There is only one option to escape aging and I do not find that very appealing.
Since I have spent a vast number of years aging, I believe I am sufficiently qualified to address this national obsession with youth.
Forget everything you’ve ever heard about losing weight. You will look like something from pharaohs tomb. Embrace that fat. It is guaranteed to push those wrinkles and crow’s feet into oblivion.
Face lifts have a shelf life and when they expire you look as though you have.
A blank, waxy persona may be okay for the last visitation, but on the other hand, that may be why some are opting out of funeral services.
Hair can make or break the aging deal. Dyed hair and extensions don’t work unless you are going for the retired drag queen look. And, that may prove to be exciting.
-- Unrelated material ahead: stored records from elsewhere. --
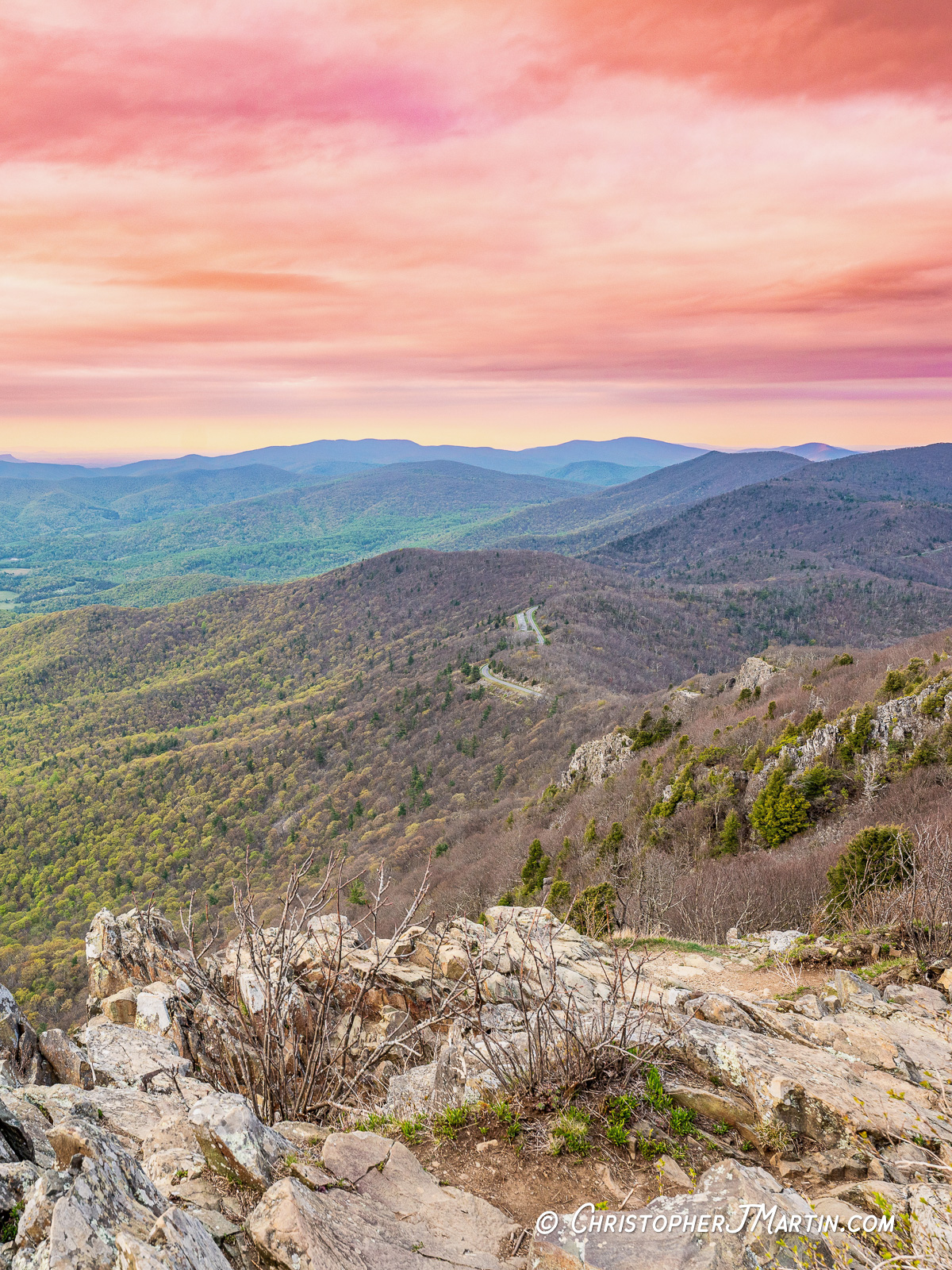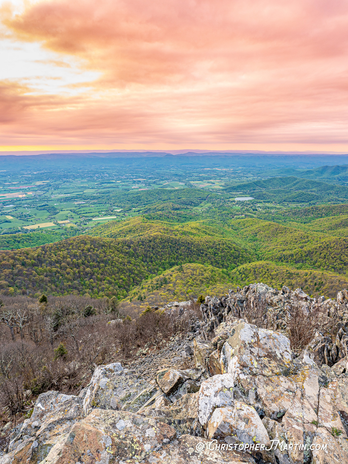 I planned to begin from the southern end of Skyline Drive via Waynesboro and work my way north. To set myself up for an easy start, I planned to spend the night in Charlottesville, Virginia about 25 minutes from Waynesboro. Since I still had a little bit of time before sunset on my travel day, I couldn’t resist checking out the northern end of the Blue Ridge Parkway and, specifically, Humpback Rock, which has been on my want-to-see list for a few years! It did not disappoint! A very steep 0.8-mile trail, which took me 20+ minutes at full hustle, led to this overlook.
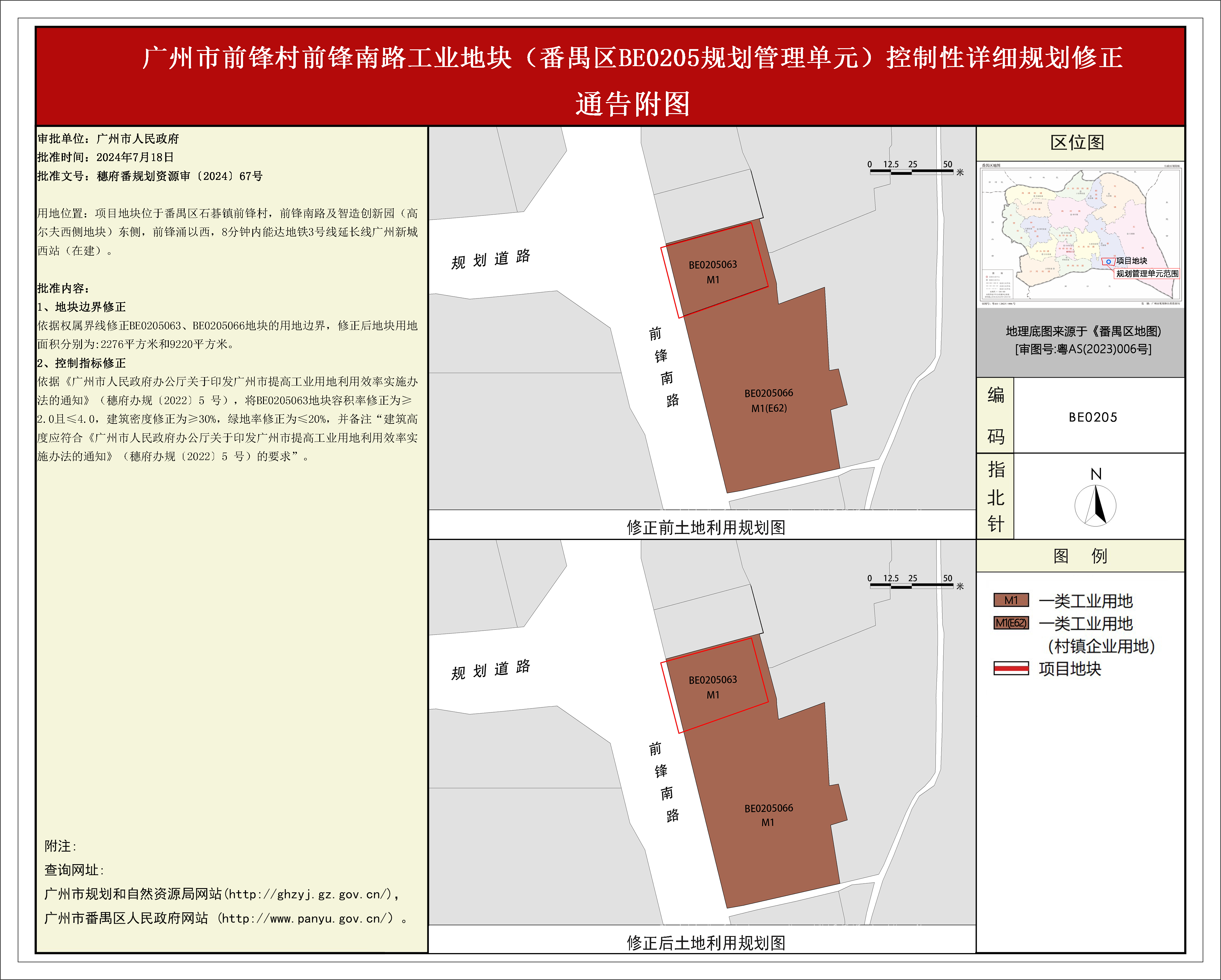 根据《广东省城市控制性详细规划管理条例》,《广州市前锋村前锋南路工业地块(番禺区BE0205规划管理单元)控制性详细规划修正》规划成果已完成规划技术审查、批前公示、征询相关单位意见等程序,并经番禺区土地和规划领导小组会议审议通过后获广州市人民政府批准(穗府番规划资源审﹝2024﹞67号),自批准之日(2024年7月18日)起生效。
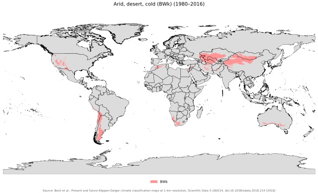 - Clima desértico templado o frío (BWk). Este tipo de clima se desarrolla usualmente en Asia, por lo que es poco común encontrarlo en otros lugares del mundo. Los desiertos fríos se localizan en zonas templadas que se enfrentan a una especie de sombra orográfica —es decir, un cúmulo montañoso que impide la introducción de las nubes en la superficie—, por lo que las precipitaciones resultan escasas. Existen varios desiertos BWk en el mundo, como el desierto de la Gran Cuenca (Estados Unidos), la meseta del Tíbet y el desierto del Gobi, en el sur de Mongolia. Estos desiertos se caracterizan por tener algunos días bastante cálidos, pero nunca son tan calientes como los desiertos BWh. Además, estas zonas son excepcionalmente frías, los inviernos son muy secos y las temperaturas siempre están por debajo de los 0°. Un dato interesante de los desiertos BWk es que son mucho más secos que los cálidos y se localizan a mayor altitud. En la Antártida y el Ártico se ubican regiones similares, aunque no se catalogan como desiertos BWk porque se les considera fenómenos propios del clima polar.
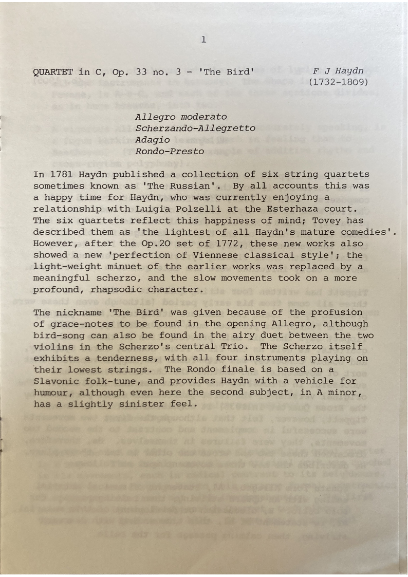 QUARTET in C, Op. 33 no. 3 - 'The Bird'
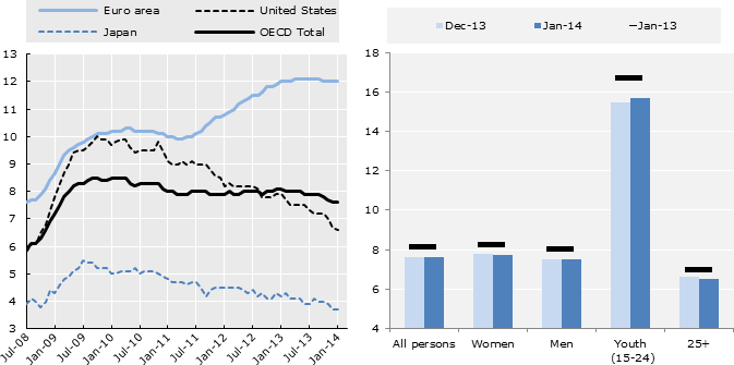 The OECD unemployment rate was stable at 7.6% in January 2014. Across the OECD area, 46.2 million persons were unemployed, 3.8 million less than the peak in April 2010, but 11.5 million more than in July 2008.
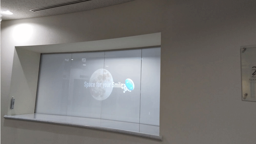 調光フィルム 施工事例 スカパーJSAT様/見学通路
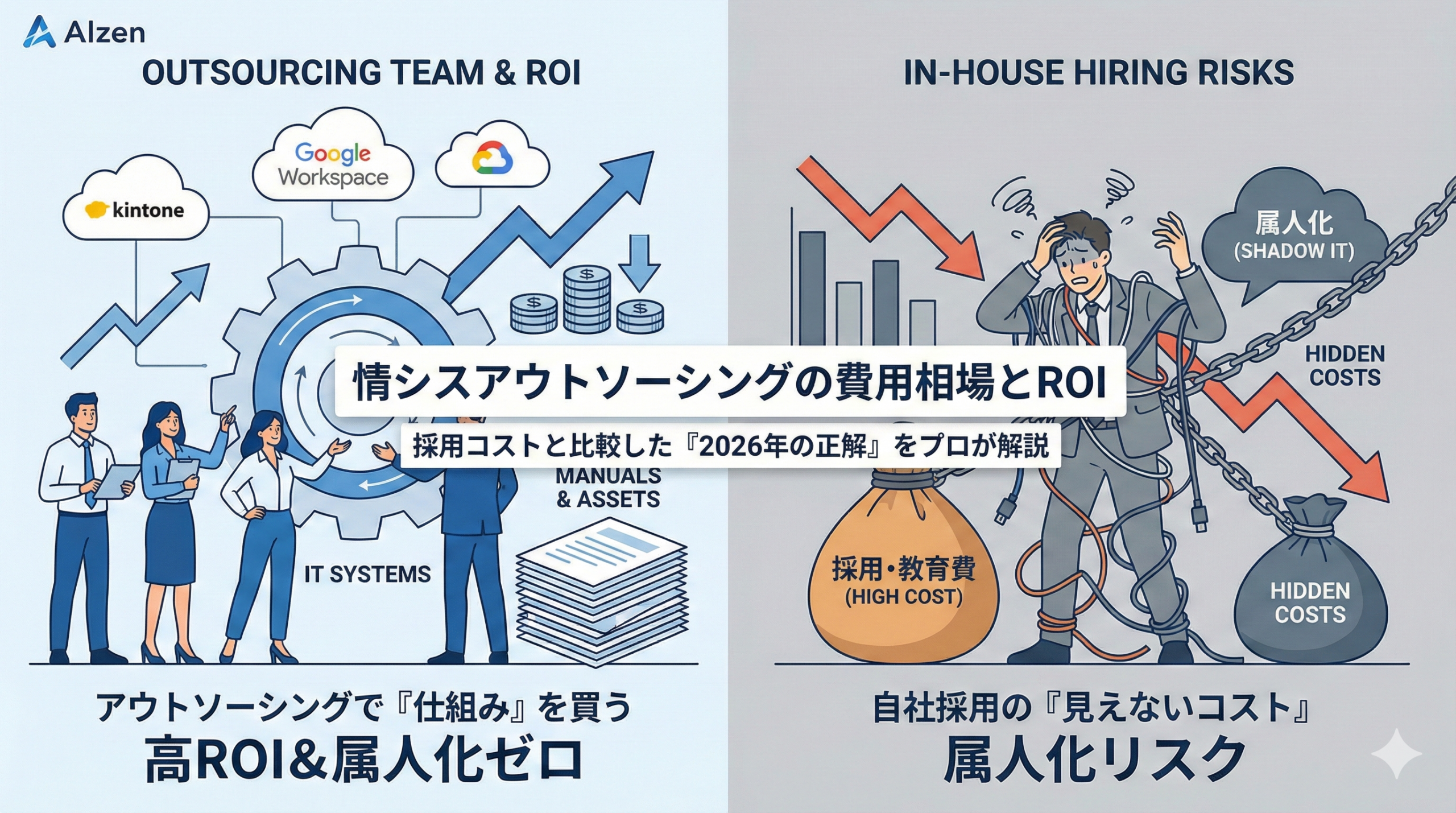 kintone導入支援やGoogle Workspaceの最適化を進めてきた私たちAIzen株式会社の視点から、失敗しない費用相場の見極め方と、戦略的なアウトソーシングの活用法を解説します。

Think of all the interesting conversations you may have.
Big butts are in, so for those whose posterior requires its own mode of transportation hooray. For those who weren’t blessed, wear tennis shoes everywhere and people will simply think you are a diligent fitness freak.
Lingerie brings mixed blessings. Granny panties are ugly as heck but prevent a total collapse of your butt sinking down your knees. As for Spanx, forget it. The twins and your tummy are destined to become BFF’s forever. The good news is underwire for lingerie does not come in industrial strength. Now you can throw away all those belts.
The all-time best way to have others ooh and aah over how youthful you appear is simply to add seven years to whatever age you happen to be.
I know this is effective because no one can believe how great I look at age One-hundred and three.